Source page: McKinsey & Company
Commentary
COVID-19 is causing a backlog of elective surgeries
COVID-19 | Healthcare
October 13, 2020 – Our July survey of 25 large US hospital systems—representing a quarter of the country’s hospital beds—showed large decreases in surgeries this year as compared with 2019. The trend is expected to continue at least through the end of 2020.
To read the article, see “Cutting through the COVID-19 surgical backlog,” October 2, 2020.
customizer here
Visual form
Line Chart: operating-room volume time series against a 2019 baseline.
Layout / body structure
The chart reads left to right across 2020. It starts near normal operating-room volume, drops sharply during the spring pandemic shutdowns, and then shows an incomplete recovery through the rest of the year.
What is being compared
It compares 2020 operating-room volume at large US hospital systems with 2019 baseline levels to show how elective-surgery activity changed during COVID-19.
Measurement system
The measure is operating-room volume as a percent of historical baseline. The key comparison is the drop from March through July and the projected return only to baseline afterward.
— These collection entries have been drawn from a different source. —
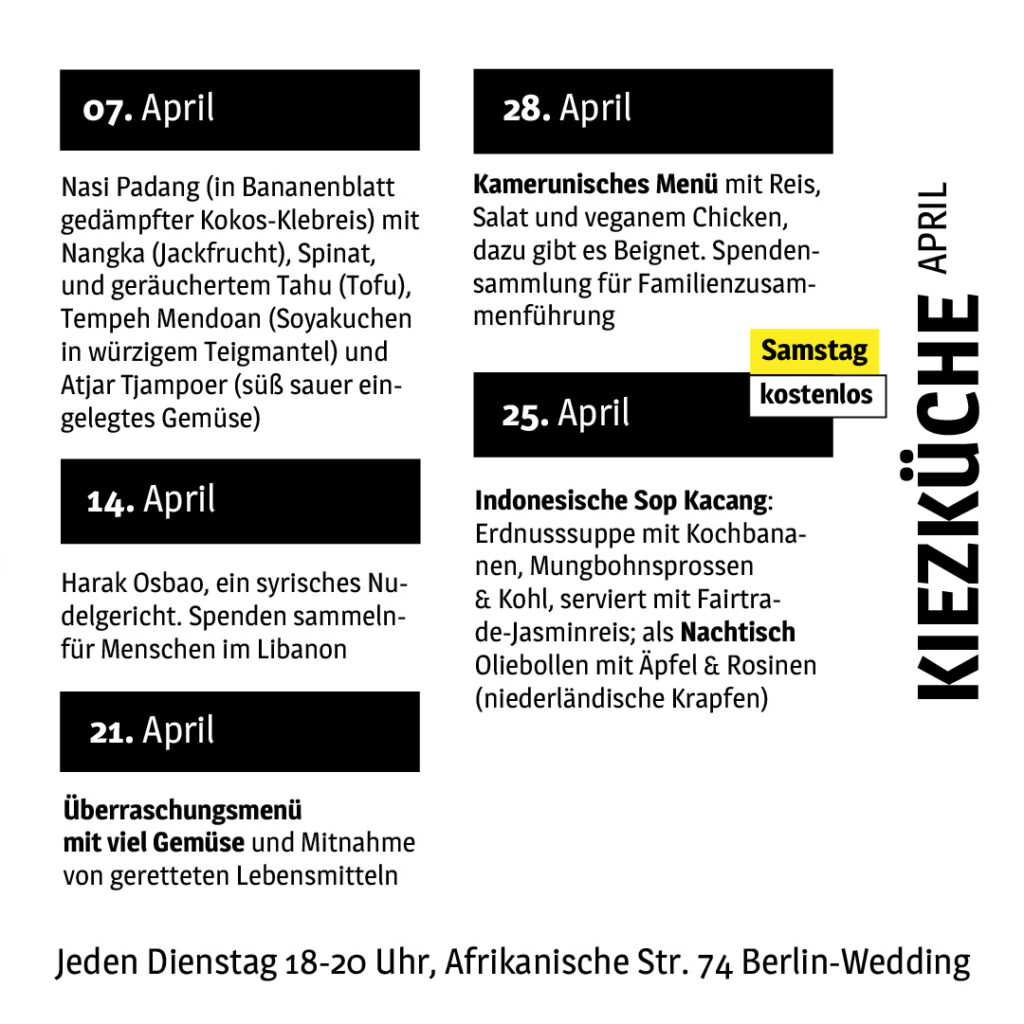 Wir laden ein zum gemeinschaftlichen Abendessen mit Nachbar:innen! Jeden Dienstag ab 18 Uhr im Kiezhaus. Alle Gerichte sind vegan falls nicht vorher anders gekennzeichnet. Warmes Essen gegen eine kleine Spende.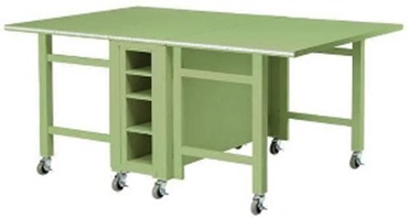 Стол раскладной, легко передвинуть в требуемое место - основание на колесах. В столе имеются полки для принадлежностей.Габаритные размеры: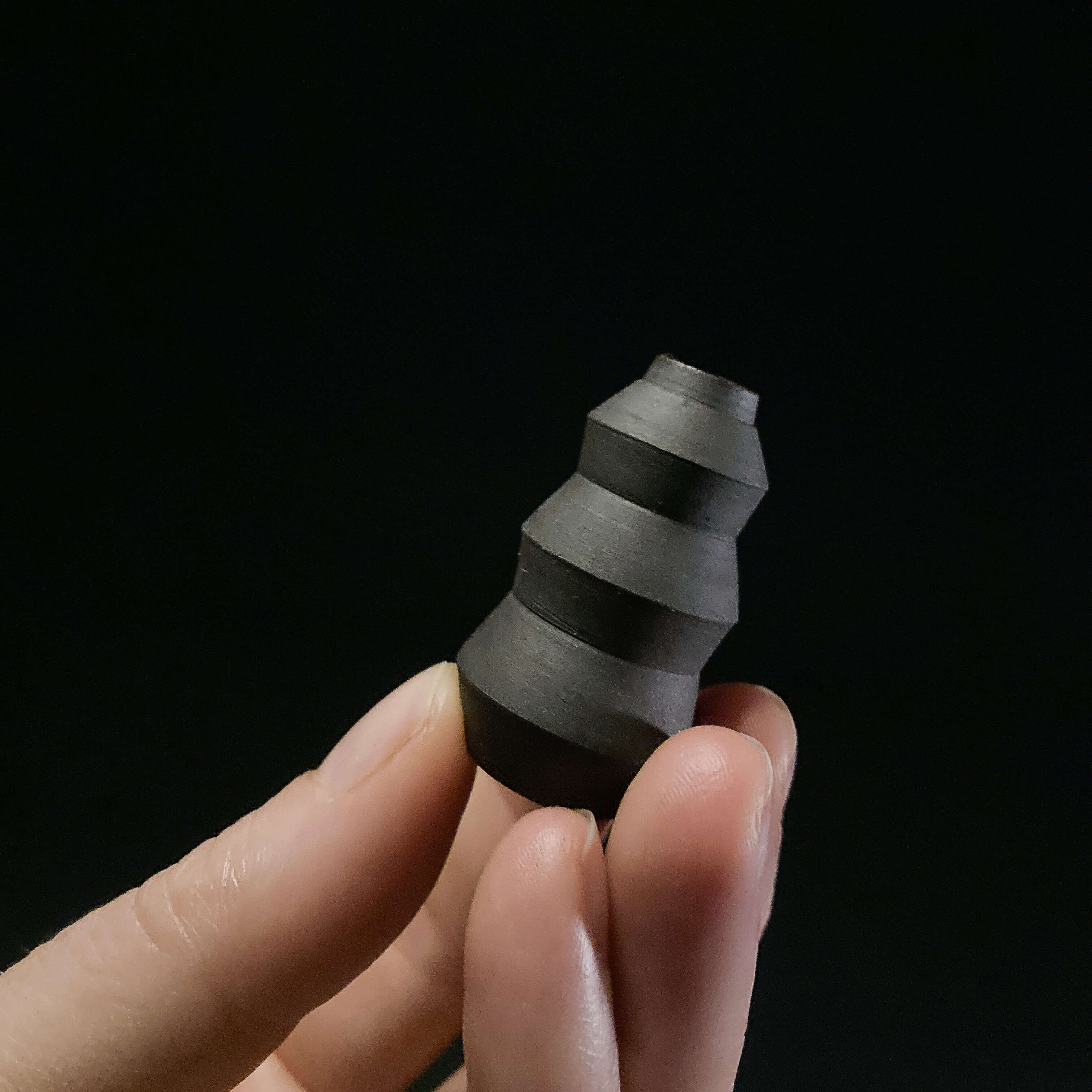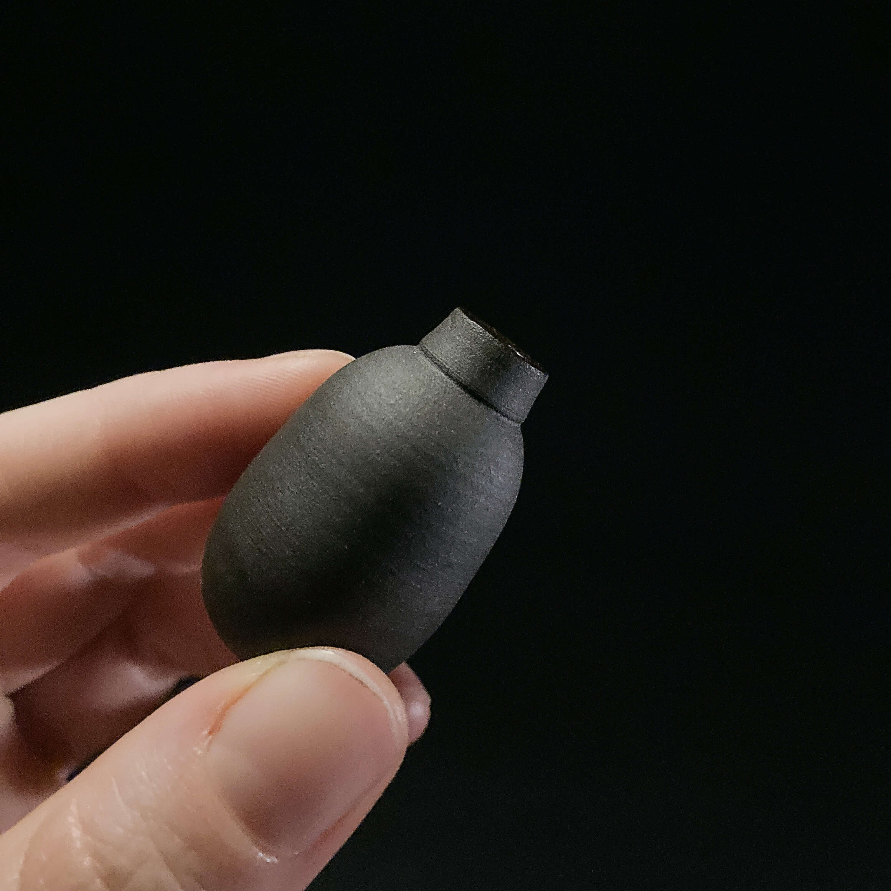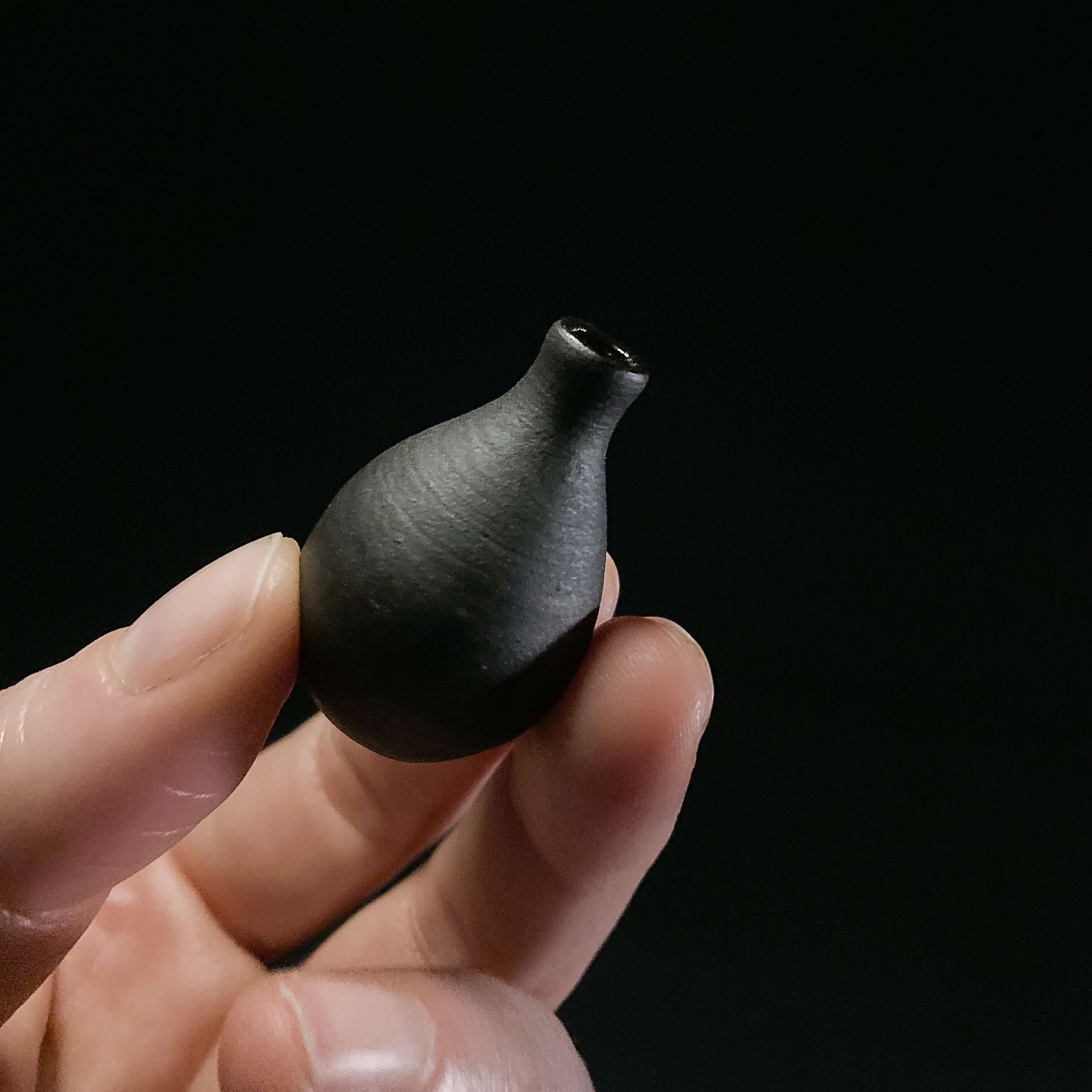 Vases in dark stoneware clay. Entire interior is coated with the same dark, glossy glaze; exterior is left unglazed and lightly sanded. Corks are available as an optional add-on, and fitted for the vases.

Visible structure inside the graphic
The time path falls steeply during the early pandemic period and then flattens near baseline rather than rising above it. That shape makes the backlog visible because lost procedures are not offset by higher later throughput.
Main takeaway from the visual
The chart shows that elective surgeries were deferred faster than hospitals were expected to catch up, creating a backlog that could persist beyond the initial shutdown period.
Key standout values or extremes
The main anchor is an approximately 35 percent decrease in operating-room volume from March through July compared with 2019. The recovery path is expected to remain around baseline rather than materially above it.
Controls / sequence, when applicable
This is a static operating-volume line chart; there are no in-chart controls to operate.
Companion media, when applicable
There is no separate companion audio or video; the elective-surgery volume chart is the full visual on this page.